Dicen que todos los presidentes
del Gobierno terminan padeciendo el síndrome de La Moncloa.
Algo que suele negar Leopoldo Calvo Sotelo. Y puede que sea
verdad que él se librara de esas alteraciones psíquicas que
el mucho poder causa en los hombres. Pero debería decir que
si nunca deliró fue tal vez por falta de tiempo. Pues todos
sabemos que su presidencia duró un rato.
Lo que está claro es que los políticos suelen perder la
chaveta con los éxitos. Y más pronto que tarde empiezan a
decir cosas incoherentes o absurdas como consecuencia de una
obnubilación pasajera de la conciencia. Es el punto
delirante que Molière atribuía a los grandes hombres. Pero
de esa fiebre alta, motivada por el poder, capaz de producir
desvaríos, perturbaciones, trastornos, etcétera, tampoco se
escapan los presidentes de fútbol. Sobre todo el del Madrid
y el del Barcelona. Porque no olvidemos que pisan el asfalto
con rango de ministros. Bueno, es un decir, porque hay
ministros que no los conocen ni en su casa.

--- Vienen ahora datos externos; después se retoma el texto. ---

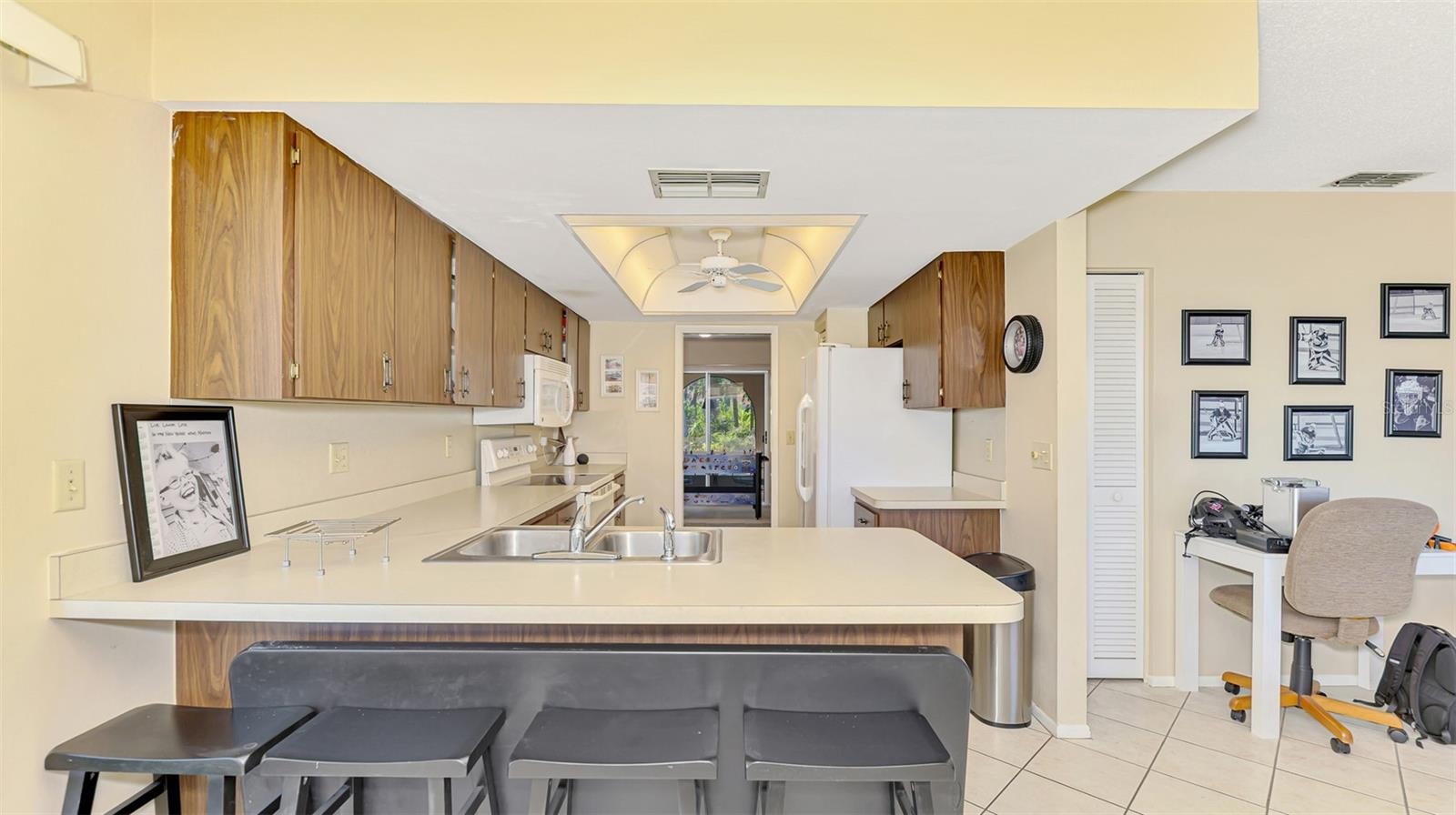 Sorrento Villas is an area of detached single family homes whose ownership is classified as a condominium. The monthly fee includes insurance, roofs, exterior, painting, lawn maintenance and more. This detached home is situated privately with trees on the side and across the street along with a water view in the front. There is an enclosed porch in the front and also the in the back. The living room is spacious with sliders to the enclosed porch. The kitchen is open to a dining area with sliders to the lanai. The primary bedroom has a walk-in closet and a full bath with a shower. The second bedroom has a walk-in closet. The seller is giving a $2,000 flooring allowance for new carpet. You are within in minutes to shopping, restaurants, Casey Fish House and Tiki Bar along with downtown Venice and Nokomis Beach.

Ramón Calderón y Joan Laporta son más que ministro. Y lo
primero que dijeron, nada más obtener la presidencia, es que
el cargo no se les iba a subir a la cabeza. Que lo último
que harían es cambiar su forma de ser. Pues bien, les viene
ocurriendo lo que antes les sucedió a otros presidentes: que
los éxitos más que mejorarlos los han idiotizados. Los han
convertido en lelos. En una palabra, los ha hecho peores.

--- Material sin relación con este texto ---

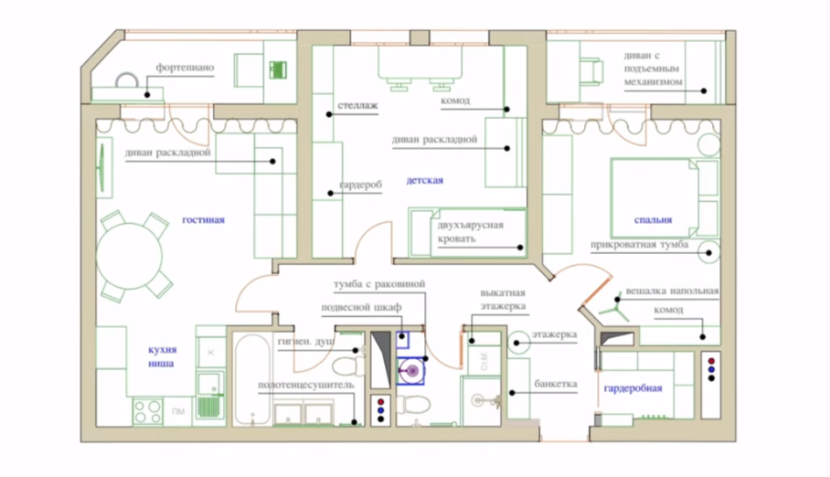 Продуманная трешка 75 м² начинающего дизайнераДизайн

En esta ocasión, me voy a referir al presidente del Madrid.
A Calderón, que parecía haber superado actuaciones erróneas,
la goleada al Valladolid le trastornó la sesera. Y rodeado
por aduladores de primera fila, por contadores de mentiras
gloriosas, y crecido el caudaloso río de sus vanidades por
medio de una prensa madrileña dispuesta a convertir en mitos
a sus jugadores preferidos, se dejó convencer de que a éstos
debía el Madrid firmarles un contrato vitalicio.
Y allá que aprovechó el presidente las facilidades dadas por
el Valladolid en el Bernabéu, en tarde aciaga de su
entrenador, para, a favor de marea, salir a la palestra y
dárselas de patrón magnánimo que sabe premiar a sus hombres
más distinguidos y relevantes. De su discurso, de las
palabras de Calderón, se desprendía que Raúl y Casillas
llevaban toda su vida cobrando un salario mínimo en el club.

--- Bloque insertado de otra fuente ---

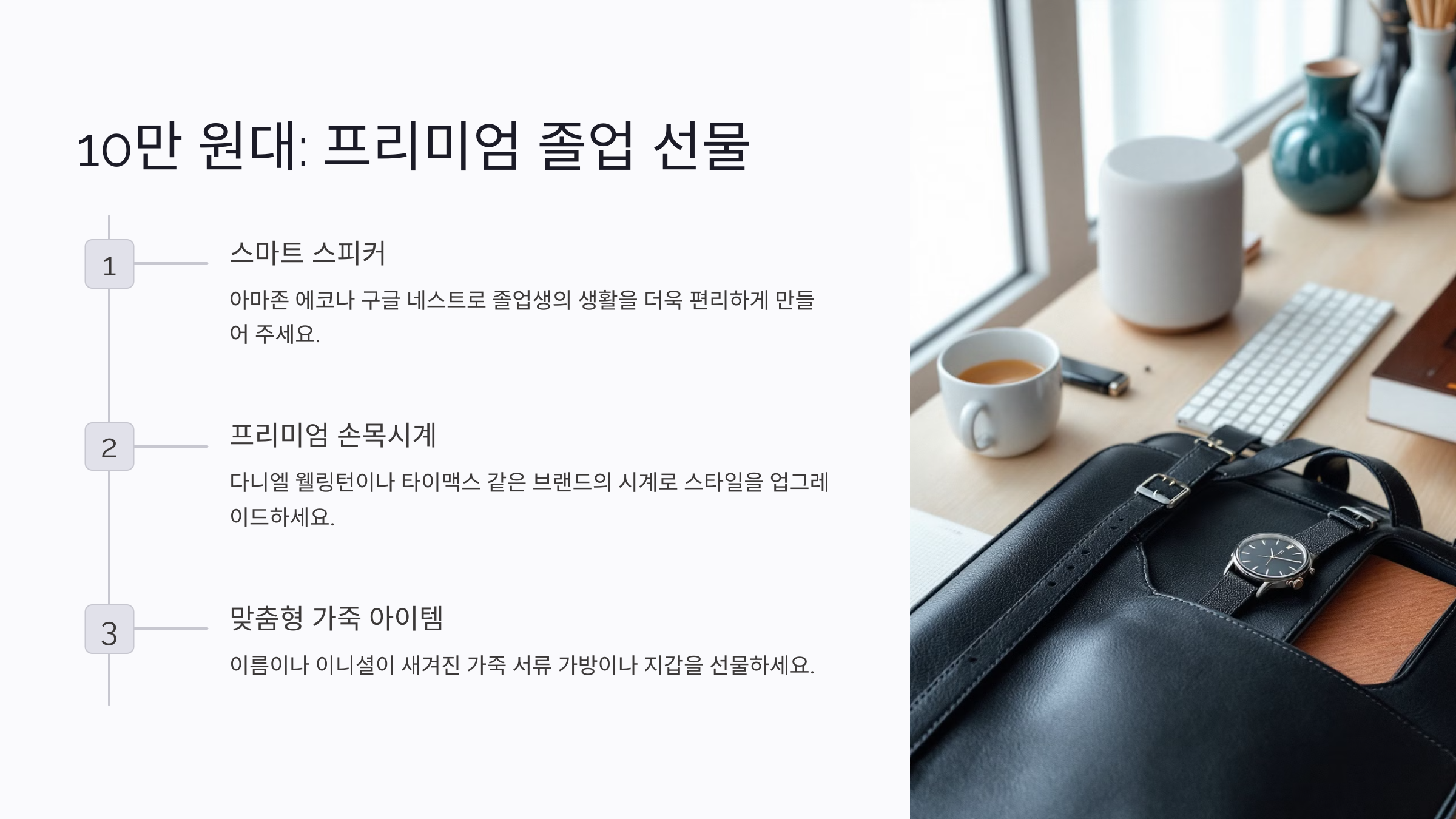 10만 원대는 프리미엄급 선물을 고려할 수 있는 예산이에요. 졸업생이 오랫동안 간직하고 사용할 수 있는 고급스러운 아이템이 추천됩니다.

Y que ya había llegado el momento de reparar tan lamentables
agravios. Porque ambos futbolistas habían soportado
estoicamente los malos tratos recibidos por anteriores
directivas.
Ese día, de la semana pasada, la radio, la televisión, la
prensa escrita e Internet airearon tan grande acontecimiento
reparador de un daño que también incluiría a Guti. A quien
el presidente, tan aficionado al toro, comparó con Curro
Romero. Vino a decir que José María era tan genial que una
buena actuación le valía para que el resto de la temporada
se dedicara a atusarse el pelo, a protestar a los árbitros,
a hacer mofa de los contrarios y a jugar de ‘palomero’. Ese
día, de la semana pasada, Calderón estaba eufórico. Más bien
enajenado. Y se sentía la novia en la boda, el niño en el
bautizo y el muerto en el entierro. Y decidió tirar la casa
por la ventana. El sábado por la noche, tras el petardo
pegado por el Madrid en el Ruiz de Lopera, seguro que Ramón
Calderón se dio cuenta de que había perdido el norte. Que el
poder lo había entontecido. Y cambió de color.